We usually get olive wood which is the most common around here and for us, 2 tonnes costs about €200 delivered, carted down two floors to the log store and stacked. It is best to get your leña in early in the year (April - June they will have usually finished the main thinning in the olive groves by then) and stack it under cover but in a well ventilated spot so that you can be sure that is well-dried.


----------



## zilly (Mar 9, 2010)

Not sure if I'm allowed to put this on-but there are several FB pages covering Coin and the surrounding areas including AEG. There are lots of local folk advertising wood-and lots of other things and services- for sale on that.


----------



## fergie (Oct 4, 2010)

I am also looking for a good supplier of small logs for my open fire, and also a reasonably priced chimney sweep in the Javea area, Costa Blanca.

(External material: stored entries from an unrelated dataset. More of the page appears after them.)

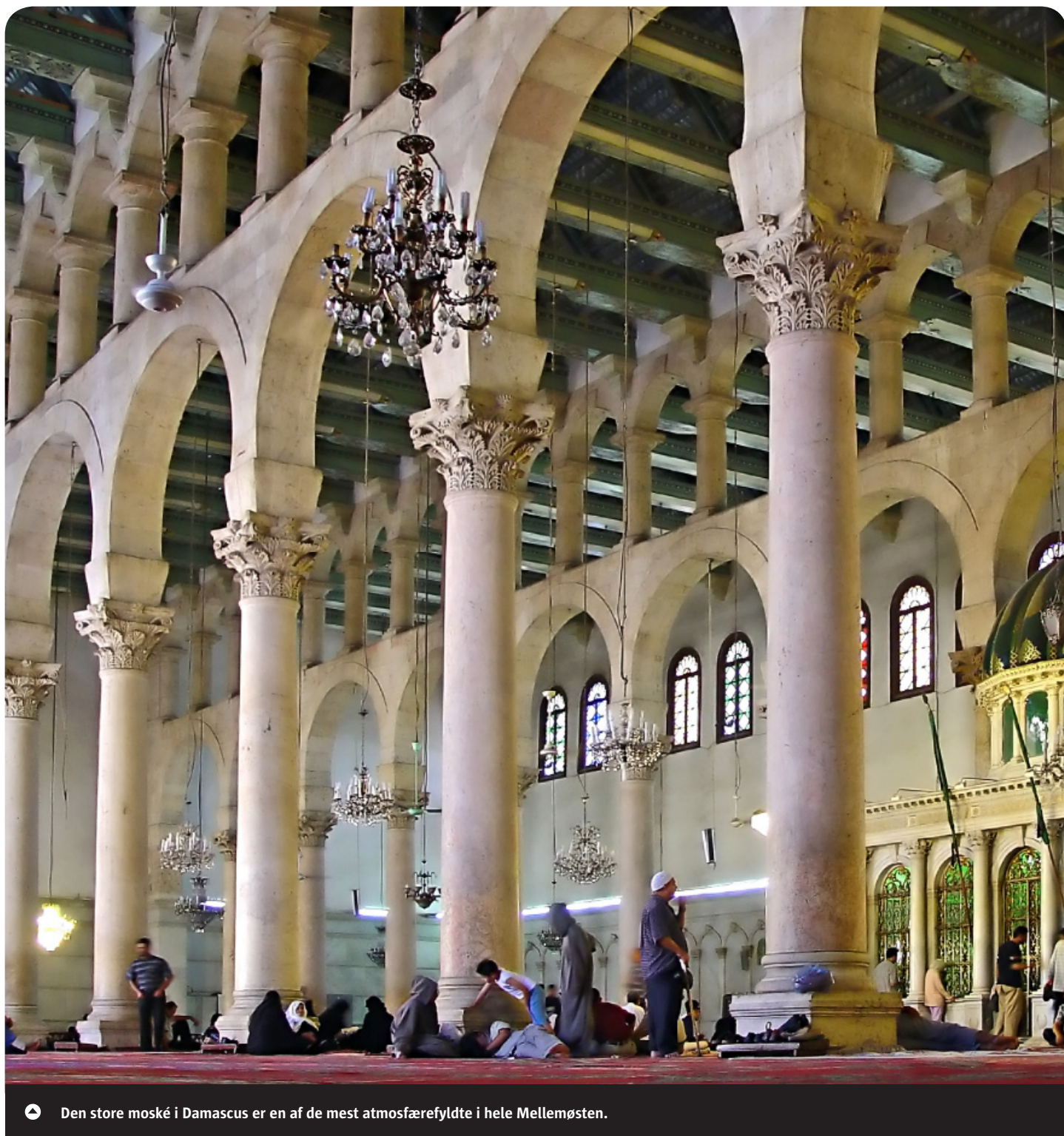
👉 Den store moské i Damaskus er en af de mest atmosfærefyldte i hele Mellemøsten.

Formiddagen er afsat til at gå egne veje i Damaskus gamle bydel, hvor små butikker og hyggelige tehuse lokker med gode tilbud. Efter frokost kører vi til lufthavnen for at påbegynde hjemrejsen mod København, hvor der er ankomst sidst på aftenen.
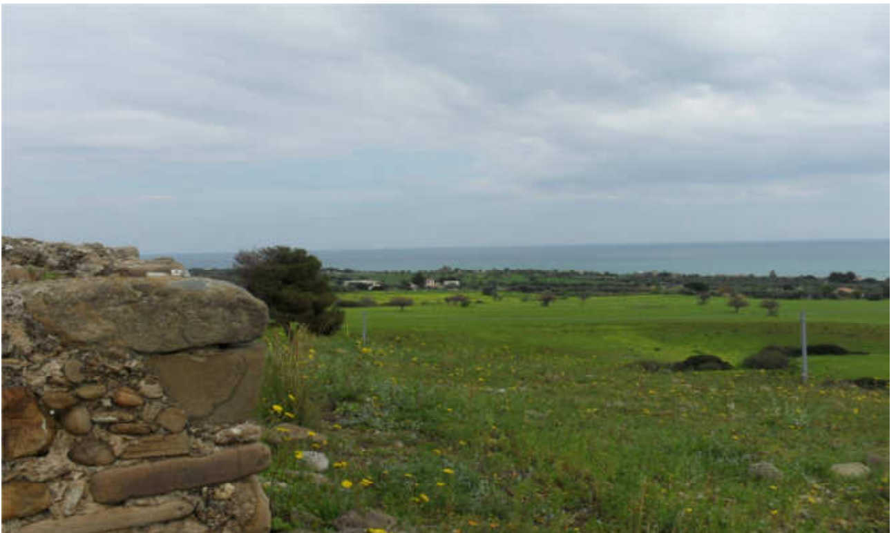
C.da Lista: prog. Def. tratto in superficie lung 1452 m -prog. Prelim. Galleria naturale lung 680m + svincolo
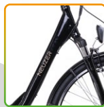
női fekete/ barna
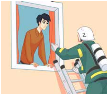
اگر لازم باشد بیرون بیایید، سازمان امداد و نجات به شما کمک می کند.

اگر بیرون آتشسوزی شده باشد، درب آپارتمان حدود 30 دقیقه بدون اینکه آتش بگیرد دوام می آورد. هرگز به راهرو پلکان پُر از دود بیرون نروید. هنگام آتشسوزی از آسانسور استفاده نکنید.

This place of ours was badly maintained so I don't trust the chimney till I've had it cleaned and checked safe to light a fire.


----------



## thrax (Nov 13, 2008)

The best olive wood will have been drying for a minimum of one year. Try not to let anyone sell you the roots as they are not as good (although some folk think the roots are better). As Baldi says, the wood must be dry. Otherwise you'll have about as much luck as setting fire to a bowl of water.


----------



## thrax (Nov 13, 2008)

Incidentally, we've had a lot of rain around recently and the good suppliers will have covered their wood so look out for yards with covered wood.


----------